* _TO DO_
As the answer, return precisely the lines from the one containing "The new NSE" to the final line of the material below, inclusive, and omit every picture.

# # #

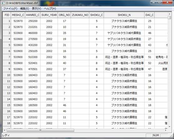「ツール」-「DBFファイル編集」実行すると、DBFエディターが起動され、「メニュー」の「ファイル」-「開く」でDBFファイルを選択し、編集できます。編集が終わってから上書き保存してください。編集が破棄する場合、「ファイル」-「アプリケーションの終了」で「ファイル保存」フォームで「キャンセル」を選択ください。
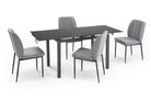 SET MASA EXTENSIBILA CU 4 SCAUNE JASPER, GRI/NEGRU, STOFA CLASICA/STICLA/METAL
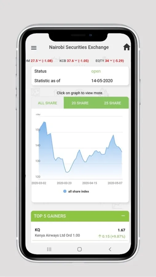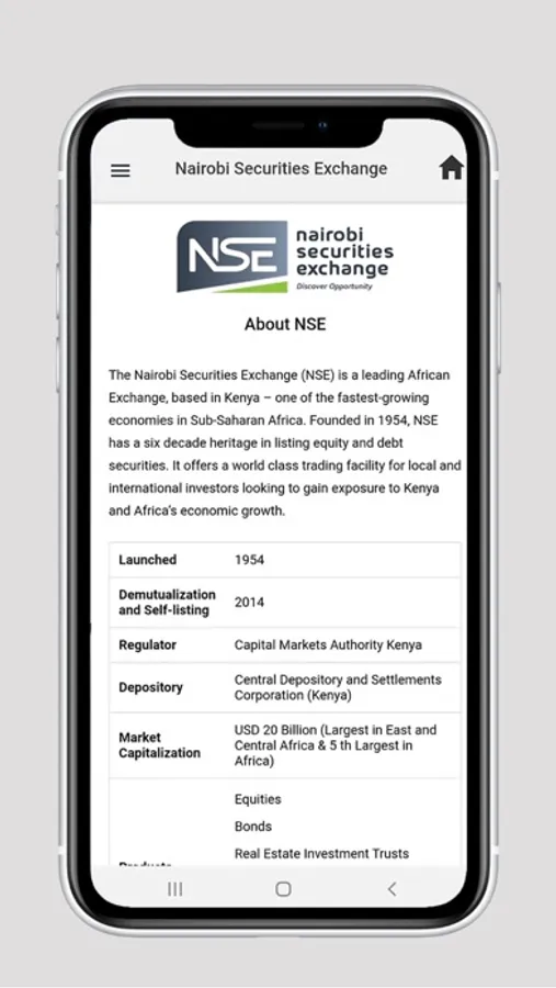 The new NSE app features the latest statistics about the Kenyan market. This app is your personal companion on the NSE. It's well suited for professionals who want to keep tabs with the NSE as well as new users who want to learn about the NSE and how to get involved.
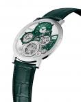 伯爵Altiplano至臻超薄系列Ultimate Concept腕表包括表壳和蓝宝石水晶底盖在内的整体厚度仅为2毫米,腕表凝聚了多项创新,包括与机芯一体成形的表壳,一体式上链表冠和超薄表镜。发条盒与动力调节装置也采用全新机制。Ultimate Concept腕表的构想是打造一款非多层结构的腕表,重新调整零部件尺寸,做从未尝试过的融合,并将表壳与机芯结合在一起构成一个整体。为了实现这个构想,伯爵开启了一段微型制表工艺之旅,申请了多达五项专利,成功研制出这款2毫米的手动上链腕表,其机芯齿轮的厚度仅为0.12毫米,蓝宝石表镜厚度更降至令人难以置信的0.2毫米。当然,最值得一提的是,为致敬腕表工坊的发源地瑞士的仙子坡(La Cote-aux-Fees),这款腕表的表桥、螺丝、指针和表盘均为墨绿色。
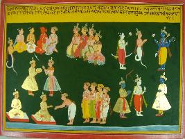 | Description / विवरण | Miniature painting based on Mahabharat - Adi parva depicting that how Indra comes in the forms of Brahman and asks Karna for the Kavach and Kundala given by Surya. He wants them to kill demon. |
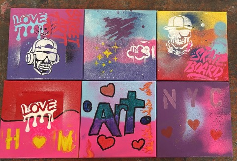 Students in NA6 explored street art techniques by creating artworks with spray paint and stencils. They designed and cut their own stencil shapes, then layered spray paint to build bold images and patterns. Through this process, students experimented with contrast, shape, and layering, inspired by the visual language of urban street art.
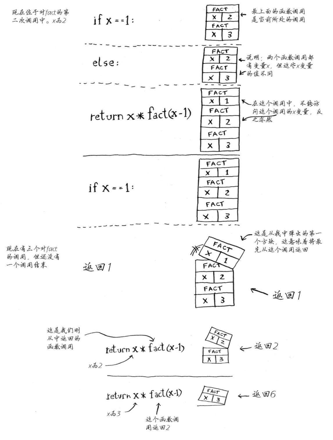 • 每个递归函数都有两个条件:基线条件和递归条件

# # #

* _YOUR SOLUTION_
 The new NSE app features the latest statistics about the Kenyan market. This app is your personal companion on the NSE. It's well suited for professionals who want to keep tabs with the NSE as well as new users who want to learn about the NSE and how to get involved.
 伯爵Altiplano至臻超薄系列Ultimate Concept腕表包括表壳和蓝宝石水晶底盖在内的整体厚度仅为2毫米,腕表凝聚了多项创新,包括与机芯一体成形的表壳,一体式上链表冠和超薄表镜。发条盒与动力调节装置也采用全新机制。Ultimate Concept腕表的构想是打造一款非多层结构的腕表,重新调整零部件尺寸,做从未尝试过的融合,并将表壳与机芯结合在一起构成一个整体。为了实现这个构想,伯爵开启了一段微型制表工艺之旅,申请了多达五项专利,成功研制出这款2毫米的手动上链腕表,其机芯齿轮的厚度仅为0.12毫米,蓝宝石表镜厚度更降至令人难以置信的0.2毫米。当然,最值得一提的是,为致敬腕表工坊的发源地瑞士的仙子坡(La Cote-aux-Fees),这款腕表的表桥、螺丝、指针和表盘均为墨绿色。
 | Description / विवरण | Miniature painting based on Mahabharat - Adi parva depicting that how Indra comes in the forms of Brahman and asks Karna for the Kavach and Kundala given by Surya. He wants them to kill demon. |
 Students in NA6 explored street art techniques by creating artworks with spray paint and stencils. They designed and cut their own stencil shapes, then layered spray paint to build bold images and patterns. Through this process, students experimented with contrast, shape, and layering, inspired by the visual language of urban street art.
 • 每个递归函数都有两个条件:基线条件和递归条件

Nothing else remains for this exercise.